August 7, 2019 1:17 PM |

Tropical Storm in the Pacific

The storms or the Typhoons have varied tracks. Like the Storm Wipha moved across the Asian region that is Vietnam, Thailand, Myanmar and later on merged in the Bay of Bengal.

An active pattern for tropical cyclones continues in the West Pacific as Tropical Storm Francisco brought heavy rainfall to South Korea after making landfall in southern Japan on Tuesday morning. As per the Japan Times, Francisco injured at least two people and caused significant travel disruptions.

Aside from flooded roadways, travel was hampered with than 200 flights canceled across southern Japan. Kyushu Railway was also forced to cancel service across many of its lines.

Francisco will remain a tropical storm as it moves into the Sea of Japan by late Wednesday.

Francisco will not be the only tropical threat for Japan and South Korea this week. Both Typhoon Lekima and Tropical Storm Krosa could bring impacts to the region as early as this weekend with further impacts possible next week.

Tropical Storm Lekima organized into a tropical storm on Sunday. It will shortly become a typhoon of Cat I. A general northwest track over the next several days will keep Lekima in the open waters of the Philippine Sea, limiting impacts to land but allowing it to gain size and strength. It is centered at 20.2°N and 128.2°E.
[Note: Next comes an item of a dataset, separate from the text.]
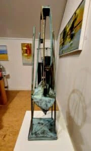 Im Zentrum des Werkes von Basilius Kleinhans stehen Themen spiritueller, mythologischer und philosophischer Natur. Besonders das Motiv des Bootes nimmt darin eine bedeutende Rolle ein. In seiner essenziellen Form wird es zum Sinnbild für Übergänge, für Aufbruch und Veränderung. Mit Blattgold belegt holt es antike Mythen in die Gegenwart: Das Sonnenboot, das das Licht über das Wasser trägt, kann in heutigen Zeiten als eine Geste der Zuversicht verstanden werden.
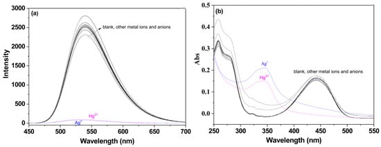 Interestingly, when the test medium was adjusted to an ethanol–water solution (v:v, 9:1, pH 7.0, 20 mM HEPES), and the order of reagent addition was changed through adding P first and then the tested ions, the fluorescence and UV-vis detection results were shown in Figure 2. As seen in Figure 2a, the addition of 100 μM Ag+ or Hg2+ resulted in a significant quenching of the fluorescence intensity of P at 537 nm, with a quenching rate approaching 100%. In contrast, under the same conditions, the addition of other metal ions and anions to the P solution did not cause any noticeable changes in the fluorescence spectrum. This indicated that P can selectively recognize both Ag+ and Hg2+. Furthermore, as illustrated in Figure 2b, only Ag+ and Hg2+ caused a substantial decrease in the absorbance of the characteristic naphthalimide peak at 440 nm, accompanied by the emergence of a new absorption band near 340 nm.

Additional strengthening is forecasted from Thursday into Friday, allowing Lekima to become a large and powerful typhoon of Cat II in the Pacific Ocean.

There is a possibility that Lekima could go through a period of rapid intensification from Thursday to Friday, which could allow the storm to become even stronger. It is very likely to reach the East coast of China in the next three to four days.

The new storm in the Pacific is Krosa which at present is positioned at 20.6°N and 141.6°E. As Krosa tracks to the north and northwest it has the potential to become a Typhoon of Cat I in 24 hours. Eventually, in 72 hours, it might even intensify into a Typhoon of Cat II. This system will move slowly but will intensify and the beauty of this storm is that it will remain over the sea only.

The systems in the Pacific generally preclude the formation of any system in the Bay of Bengal. Also, after the Depression wipes off then the chances are very likely that Monsoon might go mild somewhere around August 10.